41 termo que dá representação verbal à ação do Estado na matéria em questão, promove, indiscutivelmente, a violação do que o legislador determinou.

A raiz do termo específico utilizado na norma que fundamenta o sistema do recadastramento, cens, não deixa dúvidas quanto ao sentido que deve ter a ação do Poder Público: o controlo e fiscalização da correta concessão de benefícios da Previdência. Esta é uma atividade exclusiva da Administração Pública, consubstanciada na ação do “recenseador” - agente público -, cujo objetivo é o da contagem, para verificação, ou fins estatísticos, do número de factos, de coisas ou pessoas, em dado momento, em determinado território. Trata- se, portanto, de uma pesquisa de caráter estatístico, realizada periodicamente, que é da responsabilidade exclusiva do recenseador e conta com a participação democrática da sociedade civil.

No Brasil, existe uma fundação pública – o Instituto Brasileiro de Geografia e Estatística-IBGE - criada para este efeito e dotada de capacidade técnica para realizar atividades desta natureza.

Retomando o já referido artigo 69 da Lei 8.212/91, posteriormente reformulado pelas Leis 9.528/97 e 10.887/2004, observamos que o espírito do seu caput determina uma espécie de dever atribuído ao Poder Público, consubstanciado na necessidade de formulação de políticas que impeçam a má aplicação dos recursos da Previdência, criando programas permanentes de revisão da concessão e manutenção de benefícios. Os três primeiros parágrafos do artigo, por sua vez, e em consonância com as balizas fixadas no caput, estabelecem procedimentos para a apuração, por parte da Administração Pública, de eventuais irregularidades na atribuição ou manutenção de benefícios da Previdência.

Note-se que a consagração de regras relativas a procedimentos de apuração e a eventual punição por fraude, ou outra espécie de ilícito relacionado com a concessão ou manutenção desses benefícios, constitui norma de garantia para o cidadão, em estrita observância do devido processo legal.

No artigo 5, Incisos LIV e LV da Constituição Federal, pode ler-se que: “todos são iguais perante a Lei, sem distinção de qualquer natureza, garantindo-se aos brasileiros e aos estrangeiros residentes no País a inviolabilidade do direito à vida, à liberdade, à igualdade, à segurança e à propriedade, nos termos seguintes: “LIV - ninguém será privado da liberdade ou de seus bens sem o devido processo legal” e “LV - aos litigantes, em processo judicial ou administrativo, e aos acusados em geral são assegurados o contraditório e ampla defesa, com os meios e recursos a ela inerentes” (1988). O parágrafo 4º do artigo 69 da Lei 8.212/91, cuja

42 redação é mantida na Lei 9.528/97, quase sete anos depois, deve igualmente obedecer às fronteiras hermenêuticas fixadas no caput.

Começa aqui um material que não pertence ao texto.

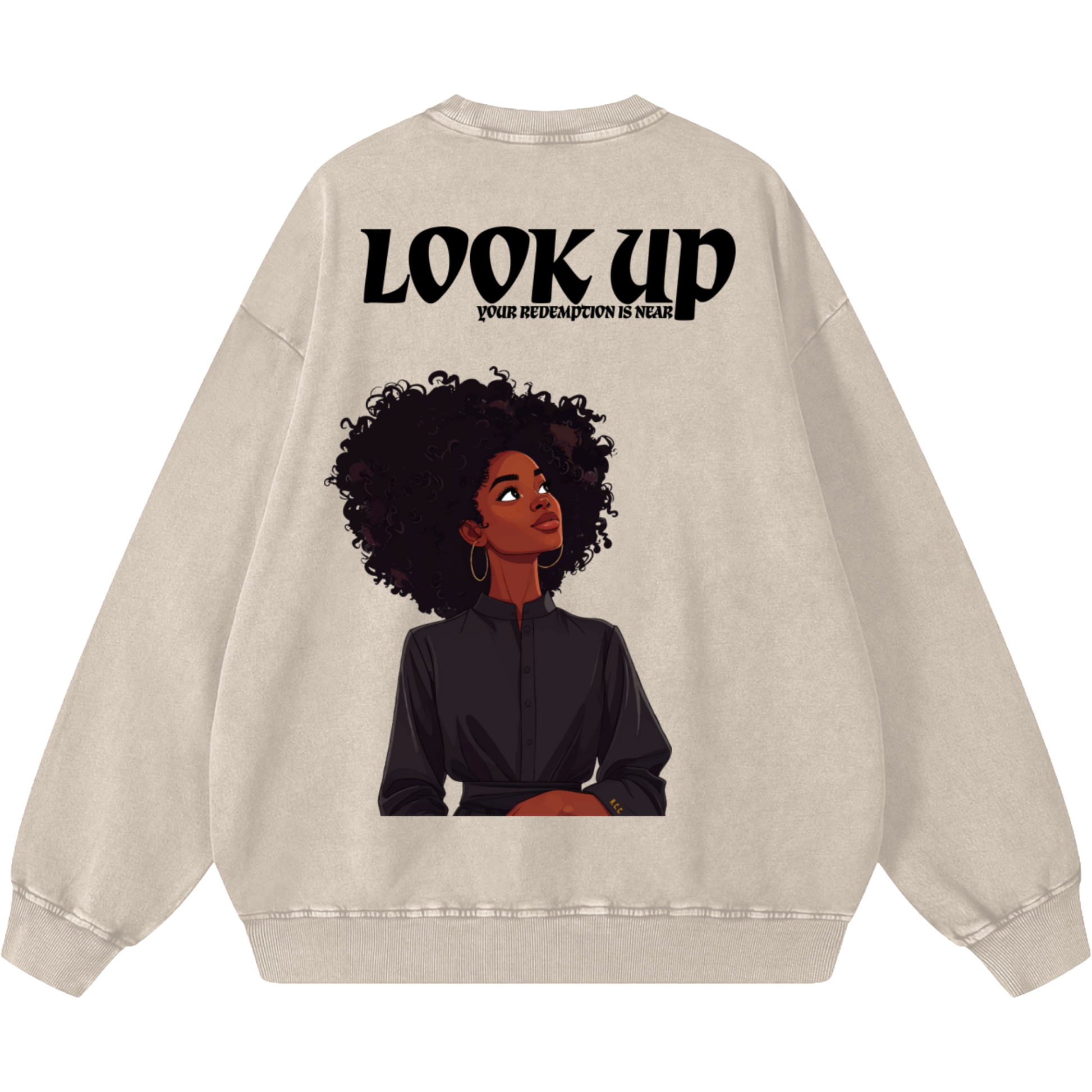 Lift your eyes with hope in the “Look Up” women’s oversized snow washed sweatshirt.
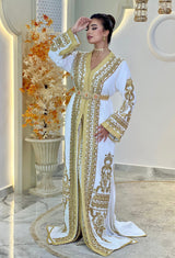 Design : Confectionnée en crêpe de qualité supérieure, la silhouette fluide allie une structure royale à un mouvement délicat. Ornée de broderies de fil d'or et de perles fines, elle capture l'art de la haute couture marocaine traditionnelle avec une touche de modernité.
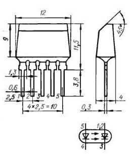 Тиристорные оптопары ОАУ115А, ОАУ115Б, ОАУ115В, ОАУ115Г, ОАУ115Д состоят из арсенид-галлиевого ИК излучателя и кремниевого фотодинистора в одном крпусе. Ключом при определении цоколевки служит верхняя по рисунку часть корпуса, скошенная под углом 45 градусов.
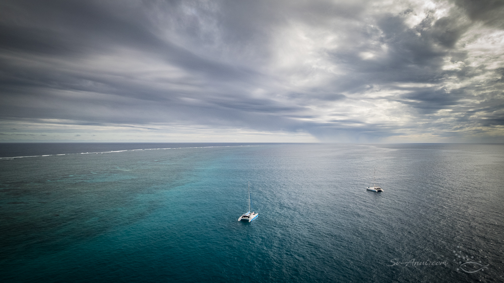 We had never been there before, but thought it could be a handy arrival point at the Swain Reefs next time around and wanted to check it out. The access is easy and unobstructed; however it is deep: mostly 10 to 12m+ along the narrow sand strip bordering the reef edge and it quickly drops to 20m. It offers some protection from the southeast trade winds, although being on the very southern edge of the Swain Reefs, there is some swell at high water. We managed to fit in a drone flight, despite the threatening skies.
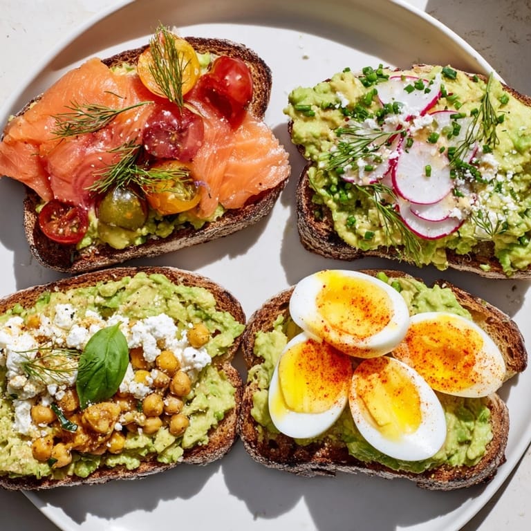 Save to Pinterest A vibrant collection of avocado toast variations, perfect for quick snacks, light lunches, or stylish starters.
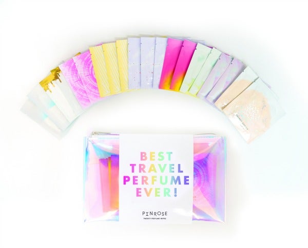 Made for movers and shakers, this playful fragrance gift set includes 20 individually packaged wipes soaked in a perfectly measured dose of eau de parfum. It features all 9 fragrances from Pinrose collection.
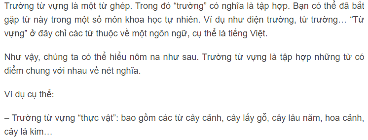 Trường từ vựng là gì cho vd và chỉ ra trường từ vựng đó? Giúp mình với ạ mình cảm ơn
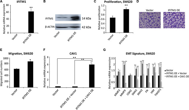Figure 6: Ectopic expression of IFITM1 promotes the proliferation and migration of SW620 cancer cells in vitro. (A and B) SW620 cells were transiently transfected with either control (vector) or IFITM1 expression construct (IFITM1 OE). RNA and proteins were isolated to examine the expression of IFITM1. (A) RT-qPCR was performed to determine IFITM1 mRNA expression in SW620 cells after transfection (**p < 0.001). (B) IFITM1 protein level was analyzed by immunoblot using anti-IFITM1 antibody, and ACTIN was used as the loading control. (C) SW620 cells transfected with control (vector) or IFITM1-expression construct (IFITM1 OE) were incubated for 72 hrs to determine the proliferation by MTT assay. Data shown are from three experiments (**p < 0.001). (D and E) SW620 cells transfected with control (vector) or IFITM1-expression construct (IFITM1 OE) were seeded in a transwell for assessing migration. Cells were incubated for 18 hrs, stained, and quantified. (D) Representative images are shown. (E) Data shown are from three experiments (*p < 0.05). (F and G) SW620 cells were transiently transfected with either Vector alone, IFITM1-overexpressing (IFITM1 OE) and Vector, or IFITM1 OE and CAV1-overexpressing (CAV1 OE) constructs. RNA was isolated from the transduced cells, and CAV1 (F) and EMT signature (G) were quantified by RT-qPCR (*p < 0.05, **p < 0.001).
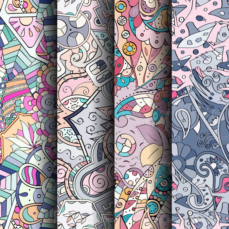 Набор ажурных красочных бесшовных узоров
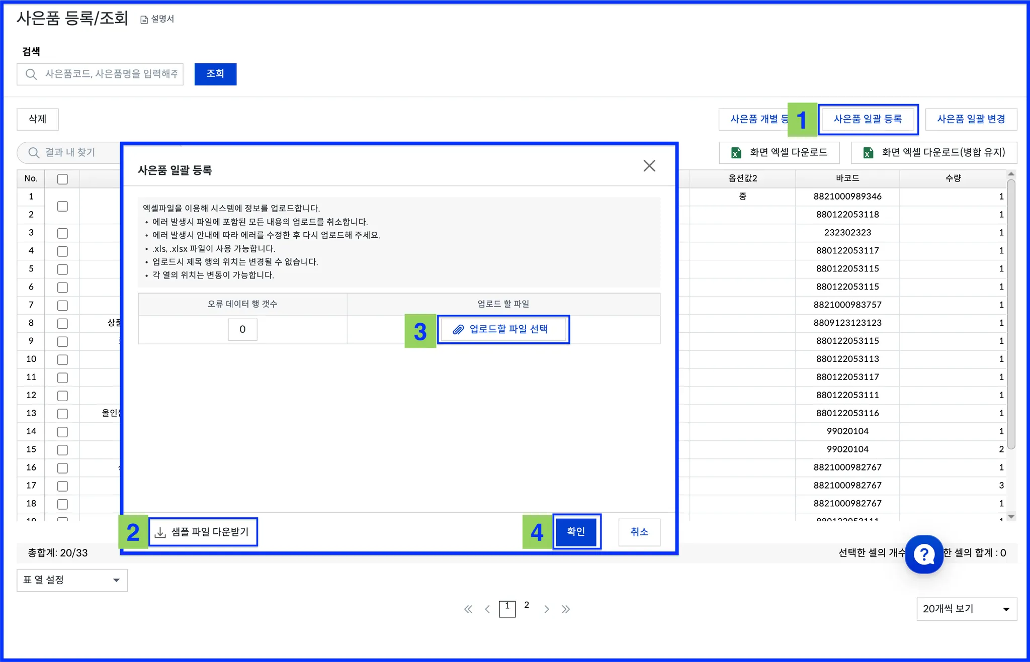 엑셀 파일 저장 후, 업로드할 파일 선택
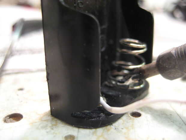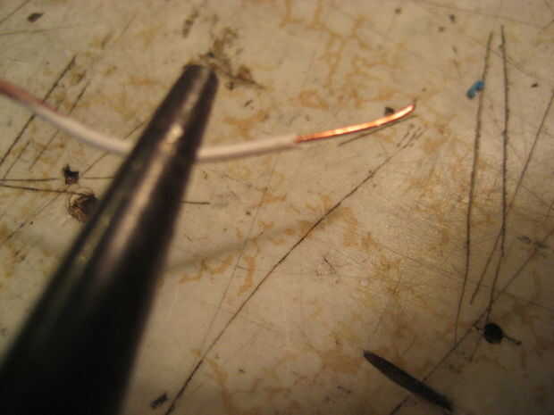 Use los alicates de punta para sujetar los cables mientras tira una pequeña cantidad de la chaqueta del cable. Luego soldar el cable en cada uno de los contactos sobre el caso.

Se é certo que ao Estado é vedado punir o cidadão se tal não for feito em estrita observância das regras processuais previamente estabelecidas para apuração de factos ilícitos, também não é possível admitir uma interpretação que permita ao mesmo Estado punir o cidadão aposentado e/ou pensionista pelo simples facto de não ter procedido ao recenseamento, qualquer que seja o motivo, uma vez que o facto da recusa, por si só, não caracteriza ato ilícito. Além disso, não é apenas a interpretação sistemática interna à norma do artigo 69 e seus parágrafos da Lei 8.212/91 que rejeita a figura do recadastramento e seu corolário obrigacional coercivo, que atualmente prevalece, como, também, a interpretação sistemática externa.

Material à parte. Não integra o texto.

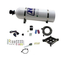 Nitrous Express Dry, Quad Stage Billet Crossbar Plate System 100-2000HP (4150 Flange) W/15Lb Bottle (66442-15)
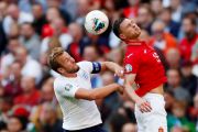 Kapten timnas Inggris Harry Kane (kiri) berebut bola atas dengan pesepak bola Bulgaria Vasil Bozhikov dalam laga kualifikasi Piala Eropa 2020, di Stadion Wembley, London, Inggris, Sabtu (7/9/2019). Inggris membungkam Bulgaria 4-0 dan Harry Kane berhasil membuat hat-trick dalam pertandingan ini, ANTARA FOTO/Reuters-Andrew Boyers/hp.
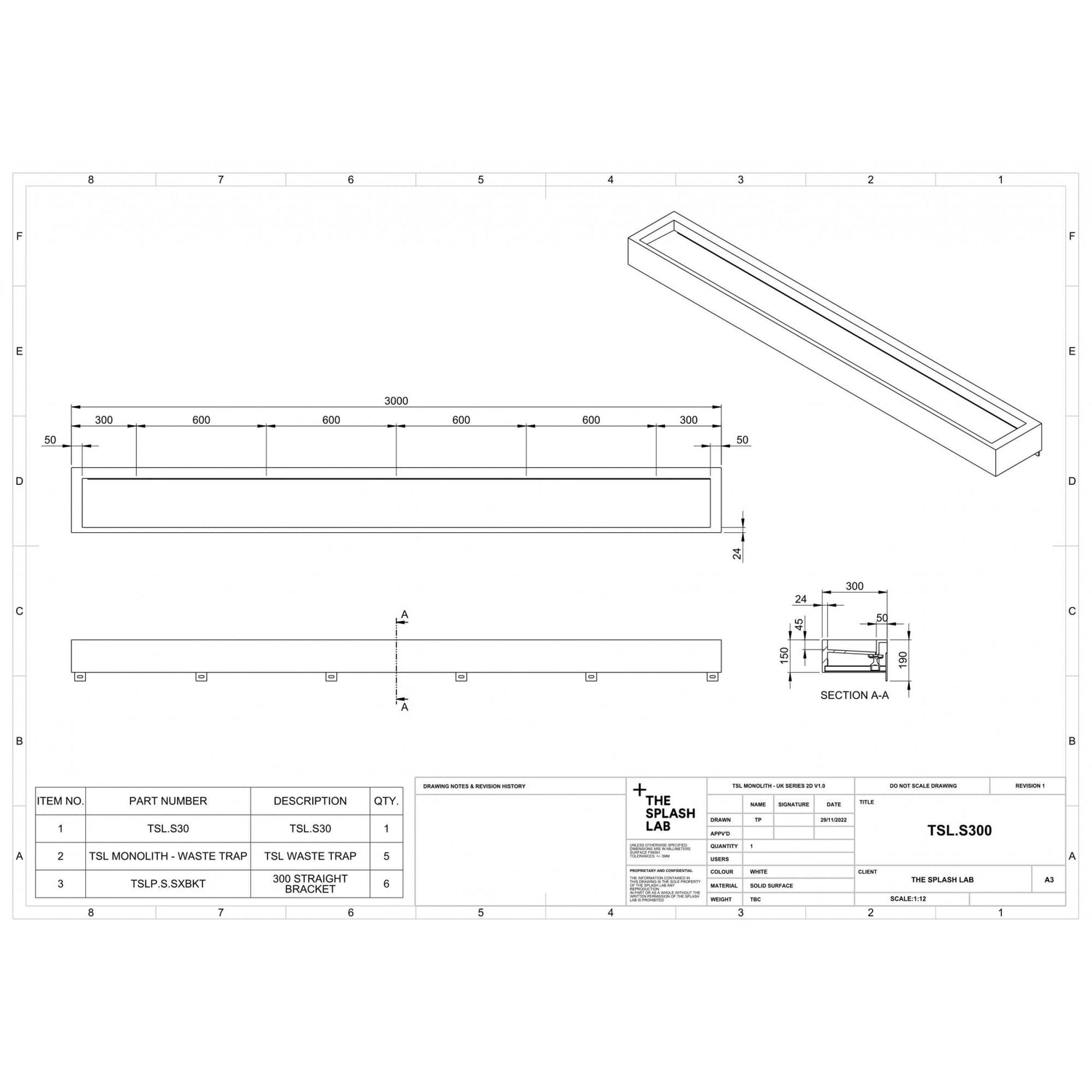 - Dimensions: 3000(W) x 300, 450 or 600(D) x 150(H) mm

Ao comparar o referido parágrafo 4º com outros mecanismos de controlo e fiscalização de óbitos de beneficiários dos dois regimes de Previdência, mais afetos à própria natureza intrínseca do Estado e expressos nos sistemas SISOBI e SIRC, fica claro que o recenseamento não pode ser interpretado como recadastramento, como sempre aconteceu. O efeito desta interpretação, no que diz respeito aos servidores públicos, revela que todo o artigo 9 da Lei 9.527/1997 foi revogado pela Lei 10.887/2004 que instituiu o regime do recenseamento, na perspetiva até aqui exposta, de forma unitária para os dois regimes.